◆ **What the exercise asks**: Go through the listing below and repeat it exactly, omitting each picture.

◆ **Given data**:

---

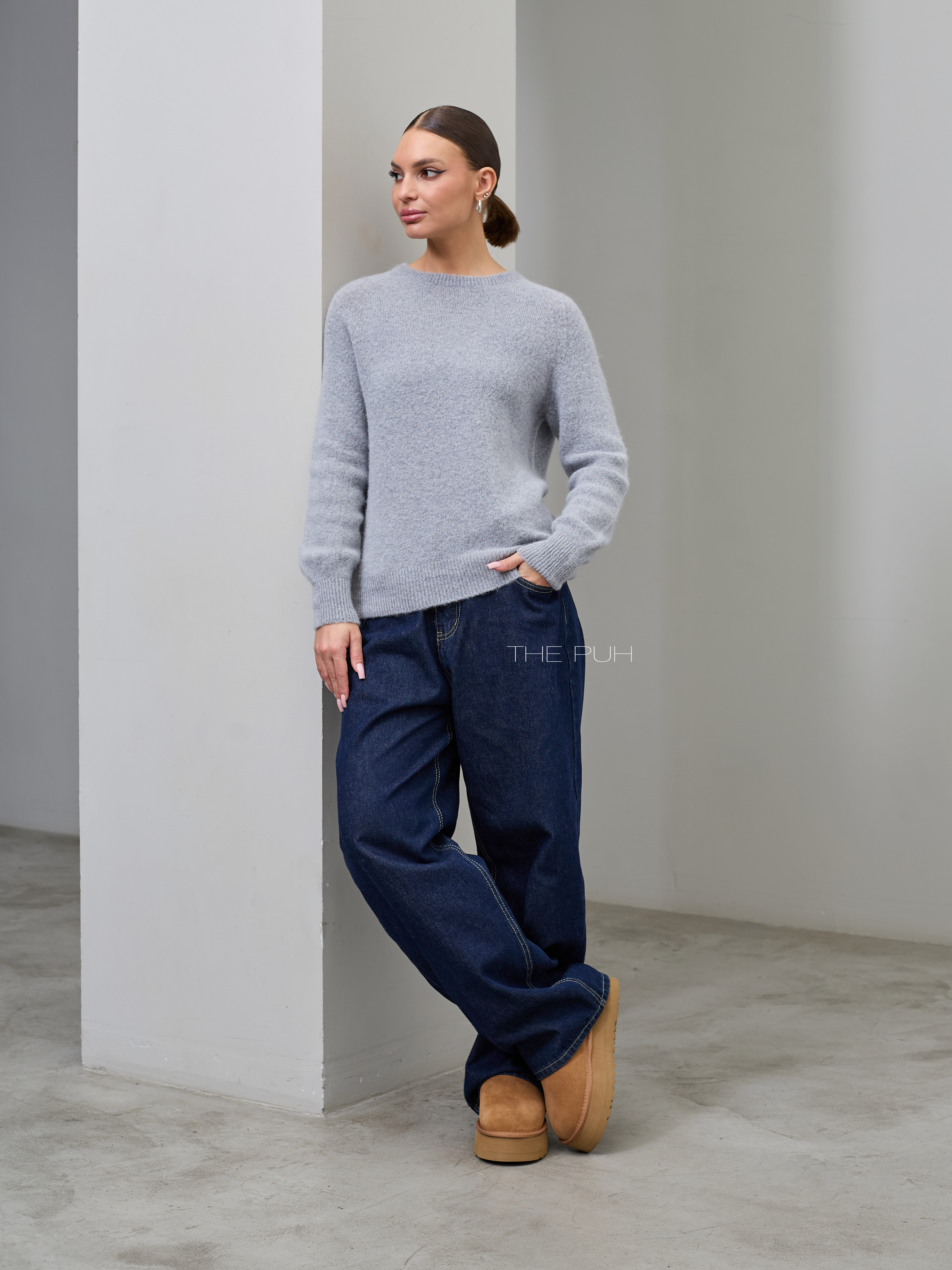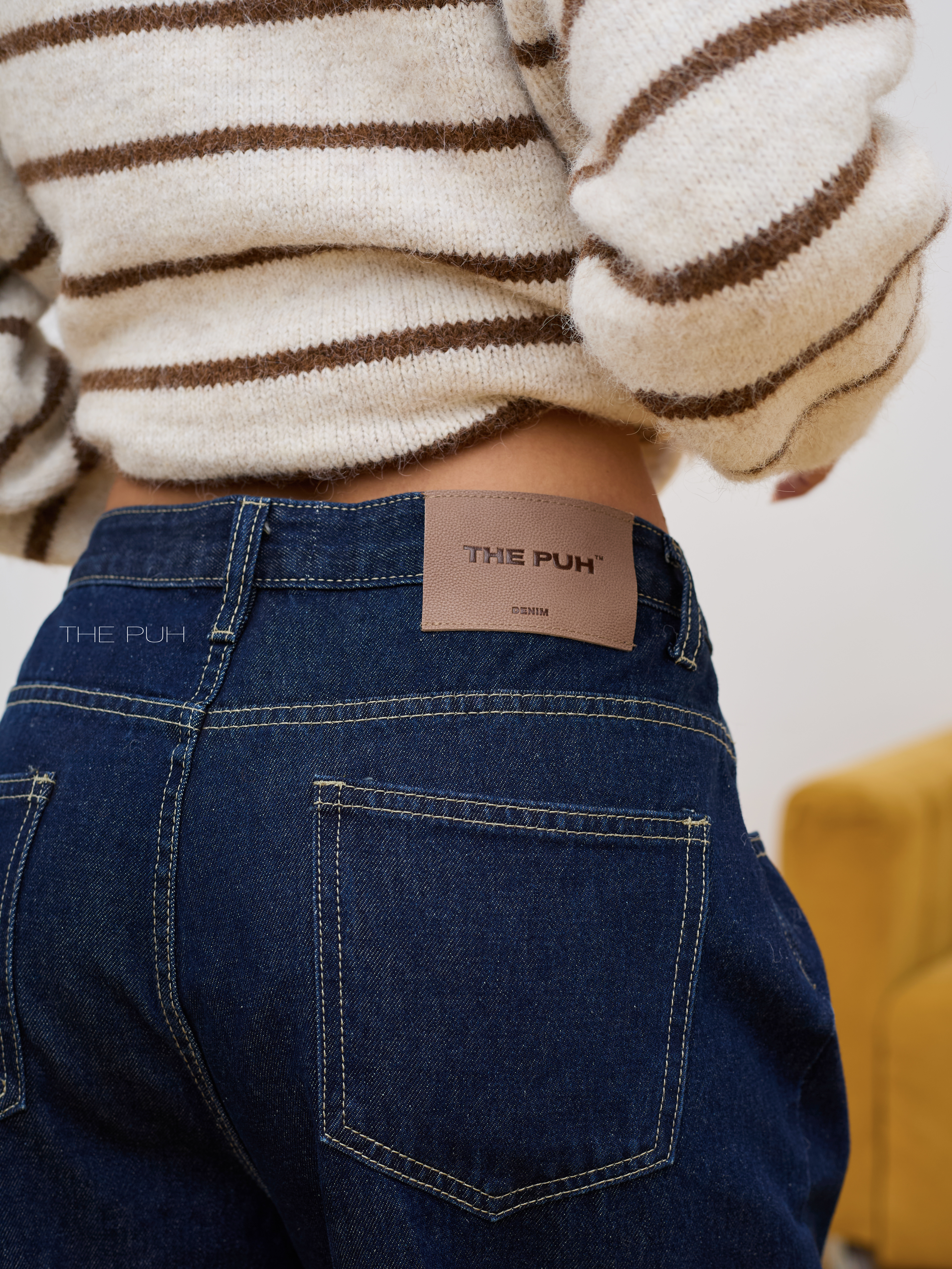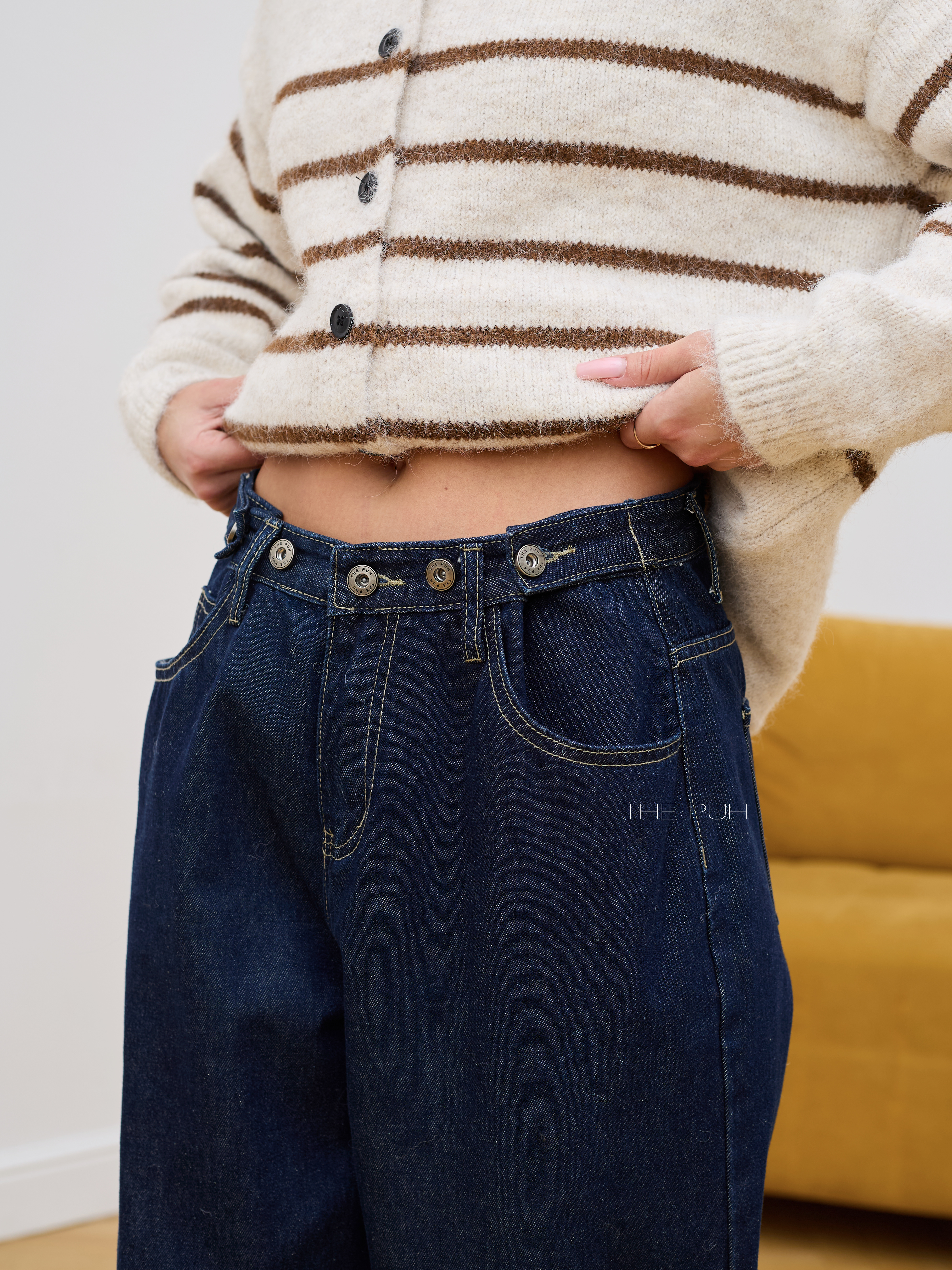 Широкие джинсы-трансформеры выполнены из темно-синего денима равномерного окраса без потертостей. Модель прямого кроя дополнена специальным регулятором на поясе, который позволяет менять обхват талии и посадку джинсов.
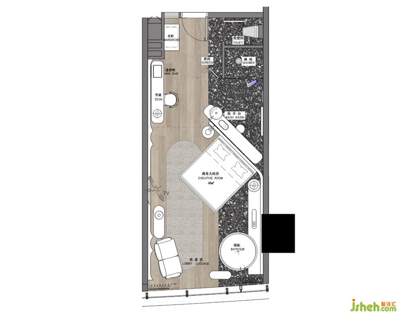突破傳統(tǒng)客房給人的既定場(chǎng)景思維,扭轉(zhuǎn)床背45°,打破常規(guī),重新定義客房秩序。45°斜床位,擁有更直接的視野體驗(yàn),床背拉升出來(lái)的45°背面角所衍生出來(lái)的灰空間,引入盥洗功能,垂直于背后的衛(wèi)浴功能配套,空間從整體秩序煥然一新
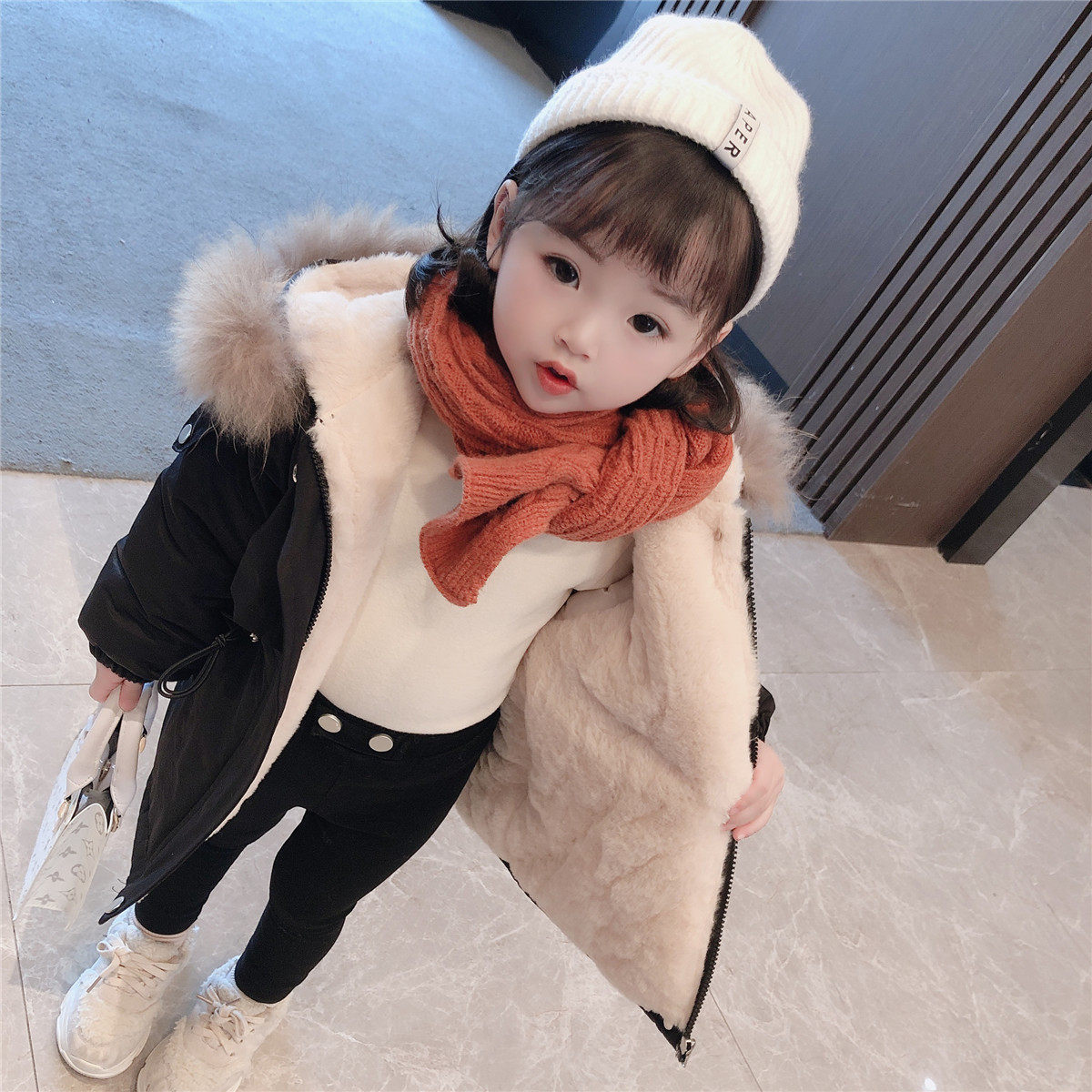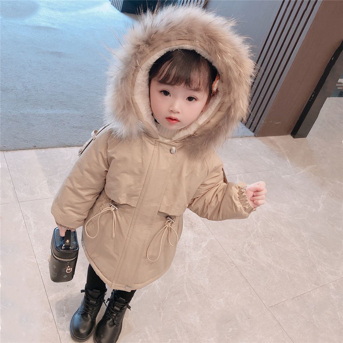 Girls' mid-length down cotton clothes children's plus velvet thick cotton clothes children's girls' baby pie overcome jacket winter clothes
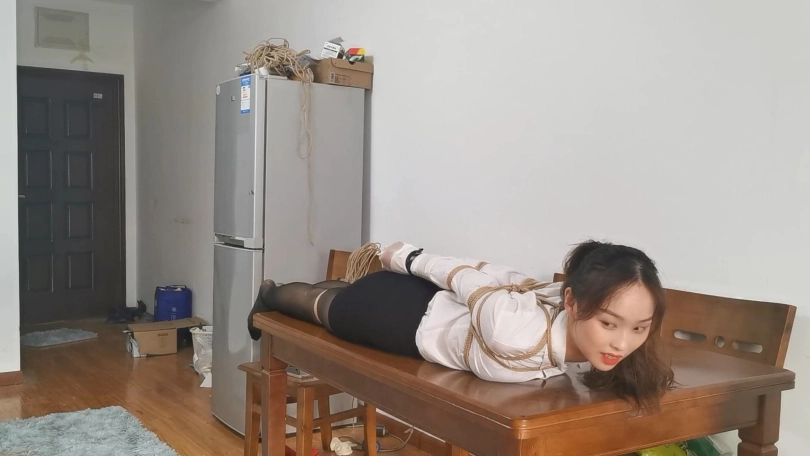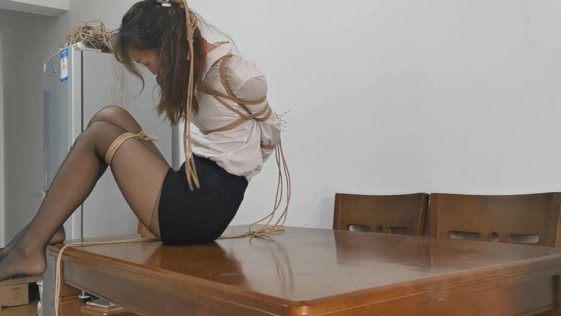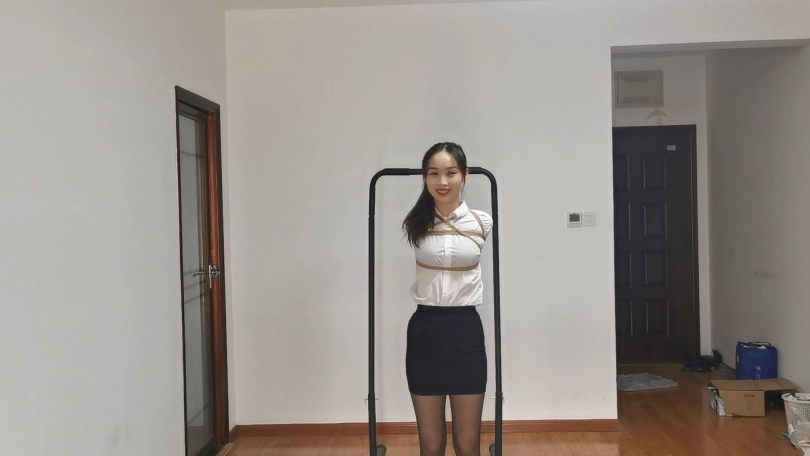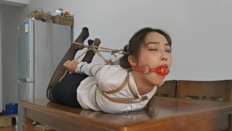 雨琪作为舞蹈生,身材和颜值都是顶级的,柔韧性更是好的惊人,绑一个多小时的欧式直臂手都不会麻。这次用了相当严厉的束缚,把她极限直臂驷马捆绑起来,双手用丝袜包住再用胶带固定手腕,大口球堵嘴再用绳子向后绑住头发。结果在这种严厉的捆绑下雨琪居然突破重重困难挣脱了腿上的绳子,柔韧性好的令人羡慕。

---

◆ **Response to the exercise**:
 Широкие джинсы-трансформеры выполнены из темно-синего денима равномерного окраса без потертостей. Модель прямого кроя дополнена специальным регулятором на поясе, который позволяет менять обхват талии и посадку джинсов.
突破傳統(tǒng)客房給人的既定場(chǎng)景思維,扭轉(zhuǎn)床背45°,打破常規(guī),重新定義客房秩序。45°斜床位,擁有更直接的視野體驗(yàn),床背拉升出來(lái)的45°背面角所衍生出來(lái)的灰空間,引入盥洗功能,垂直于背后的衛(wèi)浴功能配套,空間從整體秩序煥然一新
 Girls' mid-length down cotton clothes children's plus velvet thick cotton clothes children's girls' baby pie overcome jacket winter clothes
 雨琪作为舞蹈生,身材和颜值都是顶级的,柔韧性更是好的惊人,绑一个多小时的欧式直臂手都不会麻。这次用了相当严厉的束缚,把她极限直臂驷马捆绑起来,双手用丝袜包住再用胶带固定手腕,大口球堵嘴再用绳子向后绑住头发。结果在这种严厉的捆绑下雨琪居然突破重重困难挣脱了腿上的绳子,柔韧性好的令人羡慕。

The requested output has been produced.